A review by ncrabb
Most Wanted by Michele Martinez

3.0

It’s already been a long day at work, and the child won’t sleep. Melanie Vargas is at her wit’s end. Earlier in the week, she threw her husband out for cheating on her, and she’s raising six-month-old Maya, sleepless nights and all. It’s the age-old solution: If the kid won’t sleep, bundle it into something that moves and vibrates, and the child will drop off ere long. Into the stroller goes Maya, and out into the steamy New York night goes mom and the little girl. But what’s all the commotion down the block? Looks like someone’s house is on fire, and if Melanie’s right, it’s the house of a well-known former federal prosecutor. A fictional current federal prosecutor herself, Melanie realizes if she can snag this case, she’ll have a high-profile case that could launch her career upward. She gets the case, and she gets in over her head soon enough.

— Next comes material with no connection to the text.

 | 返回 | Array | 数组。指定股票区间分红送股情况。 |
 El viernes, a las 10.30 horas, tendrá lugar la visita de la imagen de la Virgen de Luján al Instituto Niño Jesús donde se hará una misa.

His name is Slice. They call him that because of the way he mutilates his victims when he kills them. He had a good time carving up that former prosecutor and burning the house down around him. And best of all, he has a mole in the clanking bureaucracy of the prosecutor’s office who can keep him a step ahead of local and federal law-enforcement officials.

As Melanie digs further into the case, her best intentions of raising her daughter responsibly seem to get threadbare. She’s all eaten up by the guilt of not being home with the kid, but that didn’t garner much sympathy here. She came across as a woman with a rather thin moral compass—eagerly wrapping her legs around the waist of her almost-out-of-her life husband one minute and making out with a mysterious FBI agent for whom she clearly has feelings despite the ongoing nature of a faltering marriage.

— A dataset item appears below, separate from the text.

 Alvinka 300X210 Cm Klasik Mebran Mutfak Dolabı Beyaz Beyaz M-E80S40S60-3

It’s a race against time as Slice finds more witnesses who could have testified at a trial regarding the dead prosecutor and now never will. Melanie must figure out who the mole is in her department before Slice works on her.

I’ll read the next book in this series at some point, just not immediately. For those of you who care, note that the profanity index runs high throughout this. It’s a fast-paced mystery that seems realistic in many ways.